Онлайн книга - Безумие | Автор книги - Калин Терзийски

Cтраница 31
читать онлайн книги бесплатно

— Как-то не похоже на эпикриз. И почему ты его удаляешь? — спросила Карастоянова с такой подозрительностью, будто только что разоблачила Мату Хари.

— Да что-то у меня не выходит, — ответил я, обнаглев до такой степени, что в моем голосе не оказалось ни капли смущения. А была только спокойная наглость. Мне ужасно надоело прятаться от всего и вся. А прятался я еще и по другой причине, чтобы глотнуть виски из «служебных» бутылок за какой-нибудь дверью или в какой-нибудь кладовке. И это мне не нравилось, совсем не нравилось. Я стоял на пути к алкоголизму. Знал, но шагал по этой дорожке с улыбкой.

— Да ну! — махнула рукой Карастоянова. Она была неподражаема. Понимала все с полуслова и отступала с аристократической легкостью. Она знала, какие ужасные маленькие преисподни разверзаются иногда в сердцах молодых врачей. Хотя нет, не знала, а скорее предполагала; и проходила мимо них, небрежно махнув рукой: «Эх, все это давно мне известно!»

— Доктор Карастоянова, — я быстренько сменил тему, — что мы будем делать с Василом?

— Как что? — снова округлила глаза она, будучи готовой обратить свою энергию на новый случай. После того, как она перестала интересоваться моими драматическими посланиями, она вновь оживилась и бросила напряженный взгляд на стол. — В каком смысле «что мы будем делать?»

— Так мы же его постоянно запихиваем в…

— Что мы с ним делаем? — оскорбилась Карастоянова и ее глаза вновь наполнились театрально преувеличенным укором.

— Я хотел сказать «размещаем», — усмехнулся я (потому что хорошо знал, что это совсем не «размещение», а настоящее «запихивание», но спорить не хотелось), — так вот, мы же только и знаем, что размещаем его здесь, назначая принудительное лечение, потом мы его освобождаем, потом снова забираем… таскаем по судам, а ничего не меняется, его состояние без изменений… Так вот я и спрашиваю себя: зачем мы мучаем человека… Я чуть ему руку не сломал… когда это было?

— Уж месяц как, — сказала Карастоянова. — И что ты предлагаешь? Совсем его не лечить? Оставить в покое и отправить домой? Так он же мать свою прикончит, а, Калин? Прибьет или придушит эту старую ведьму.

— Ну, да! — промычал я. И подумал о своем письме. Я начал его писать как поэму. А сейчас я осознал, что хотел написать о своей свободе. Письмо или поэму. Да что получится. Я хотел описать, как освобожусь от всего, что меня сковывало. Я чувствовал себя, как несчастный больной, замотанный в воняющие мочой простыни, связанный толстыми, врезающимися в кожу ремнями, накаченный тысячами миллиграммов галоперидола, хлоразина, тизерцина, флупиртина, флупентиксола, диазепама, антиалерзина, сульпирида и лепонекса. Безумный, который пишет письмо-заявление-стихотворение, чтобы освободиться.
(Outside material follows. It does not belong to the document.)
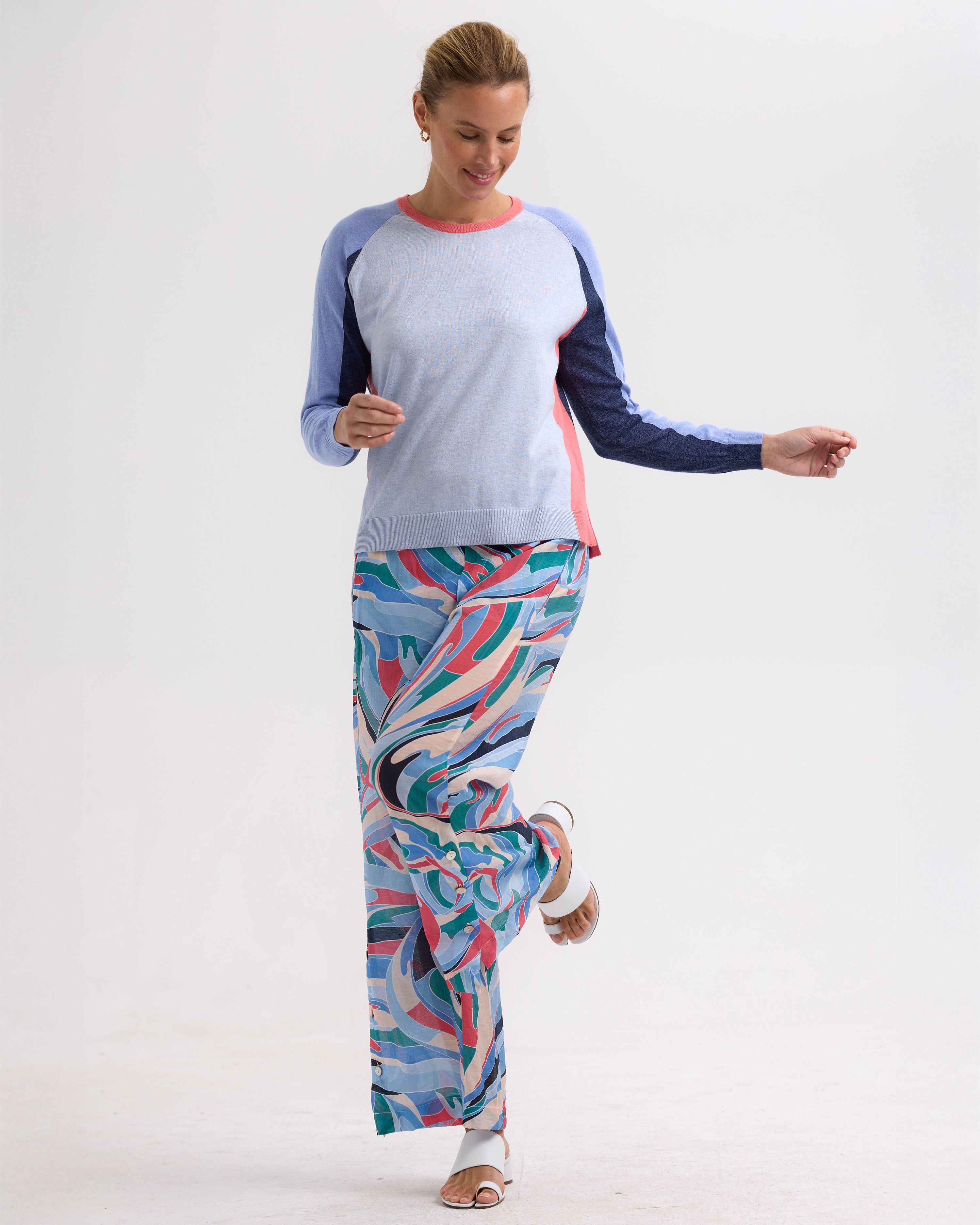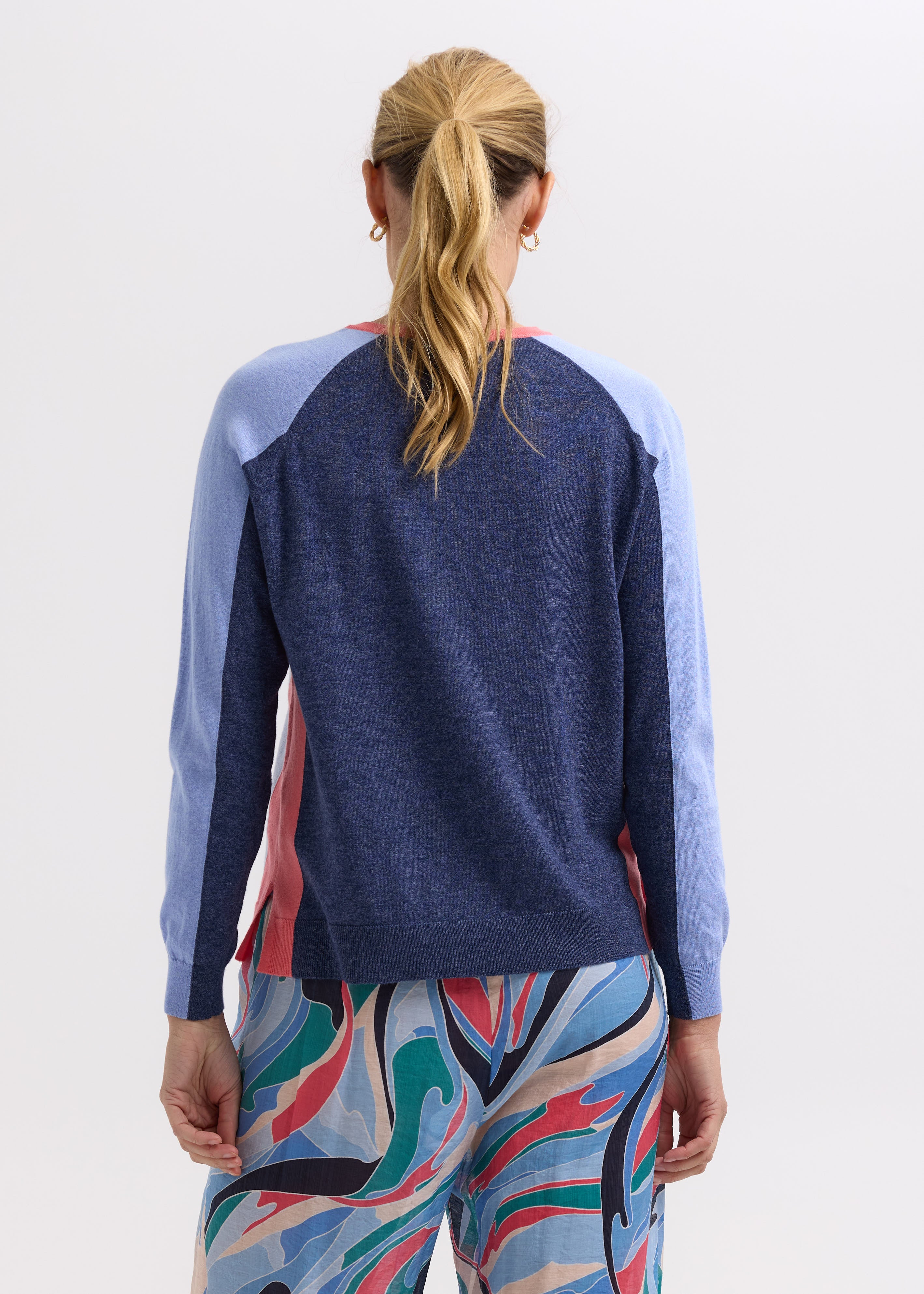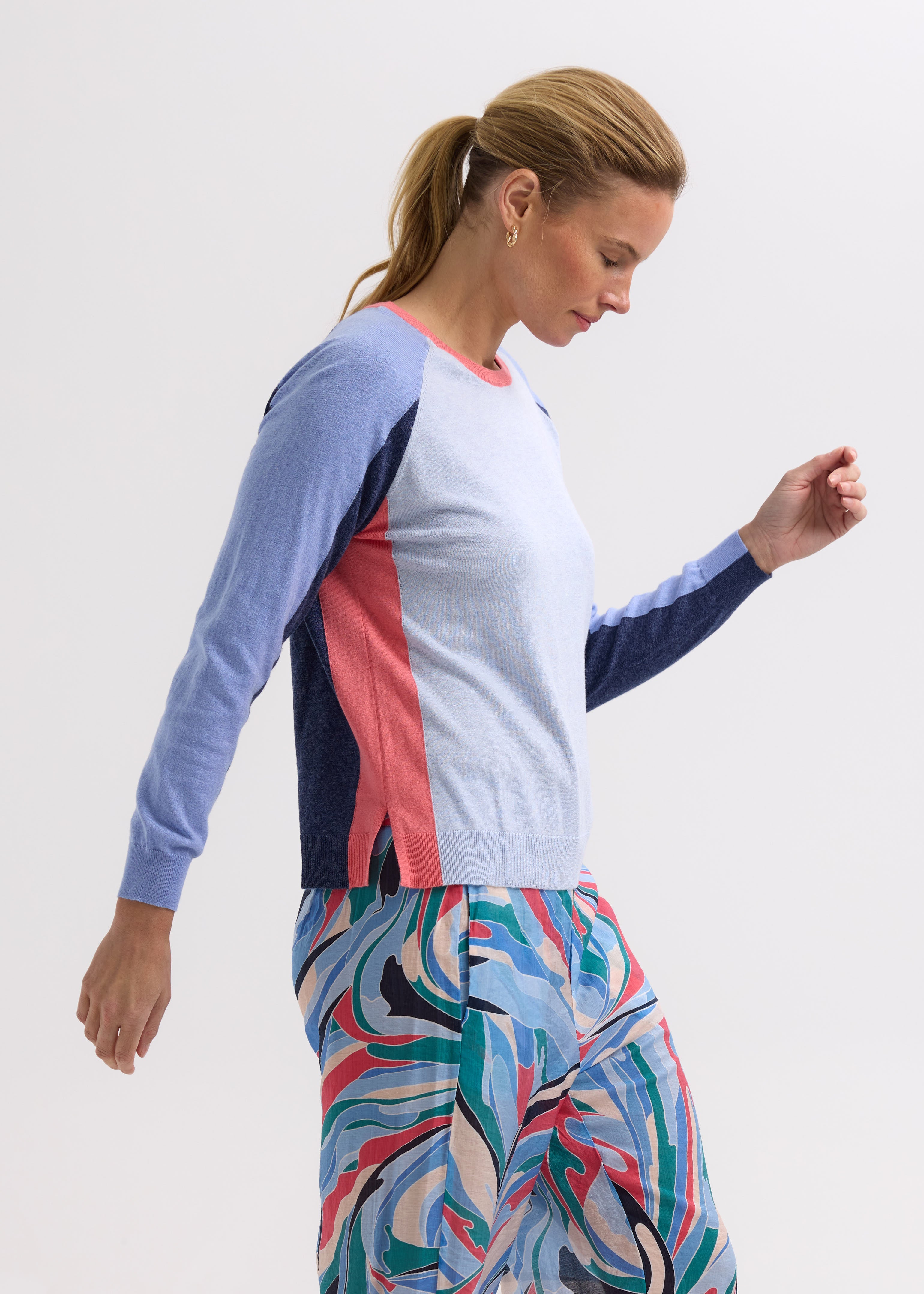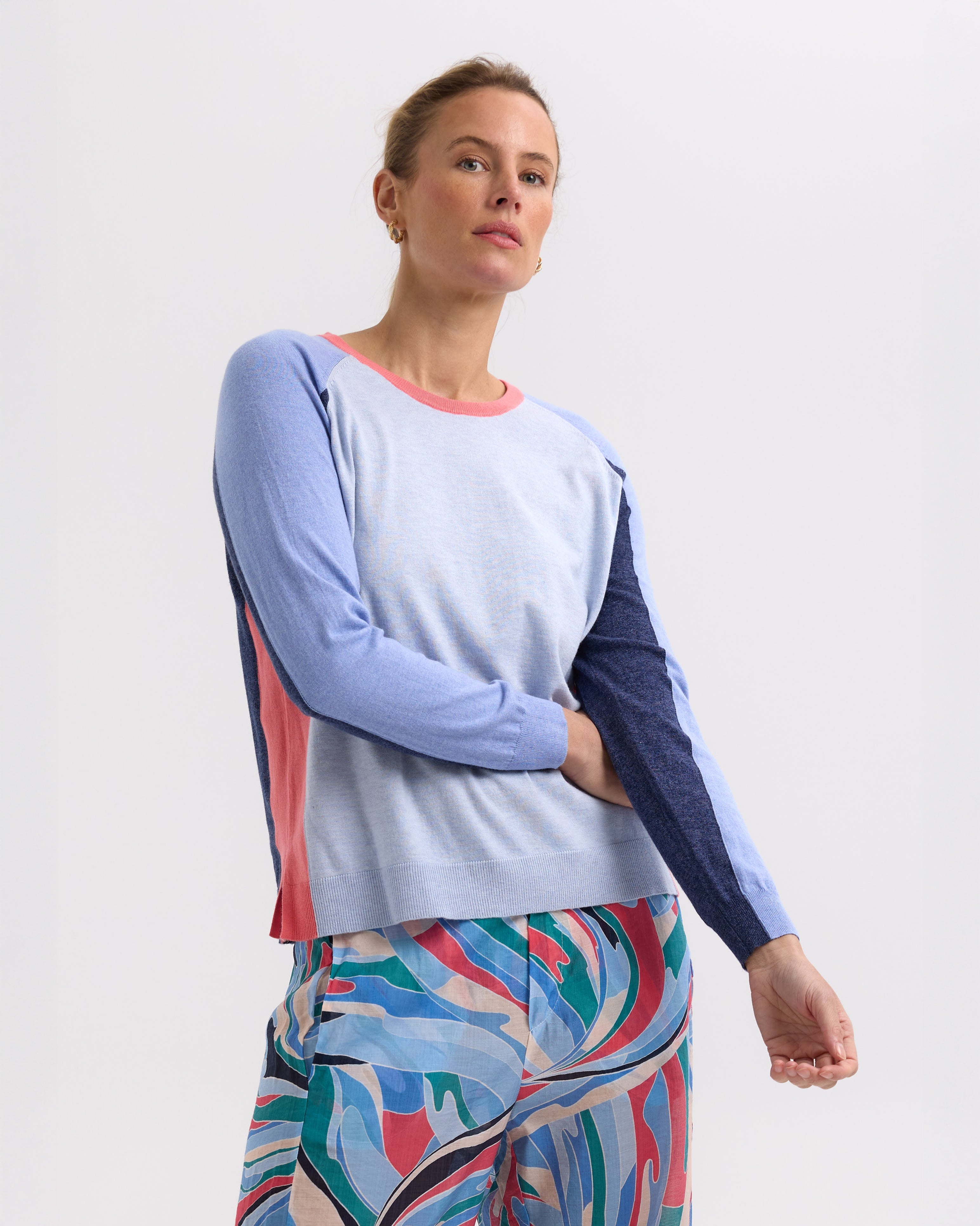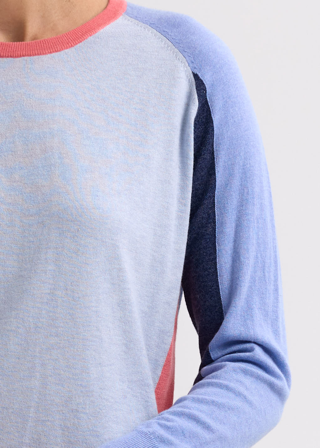 Crafted from a premium cotton-blend knit, this lightweight yet cozy jumper features a relaxed fit and soft blush base that flatters all skin tones. Bold contrast sleeves and dual-tone front and back panels add a fresh, sporty edge, making it the perfect statement piece for off-duty days or laid-back layering. Ribbed cuffs, hem, and neckline complete the look with subtle structure and comfort.

— Скажи-ка, — снисходительно посмотрела на меня, прикрыв глаза от сигаретного дыма, Карастоянова, — скажи мне, мой друг, что по твоим представлениям мы можем сделать с Василом? Потому что уж очень по-философски ты рассуждаешь… этим утром ты говоришь не как психиатр, а как какой-то… гражданский.

Я ужаснулся этому случайно, но удачно подобранному слову — «гражданский». Она произнесла его бессознательно, но сейчас это слово довлело над нами, потому что я молчал. Как будто мы, психиатры, не были гражданами, не были обычными людьми, живущими мелкими житейскими заботами, а были винтиками какой-то полицейской системы!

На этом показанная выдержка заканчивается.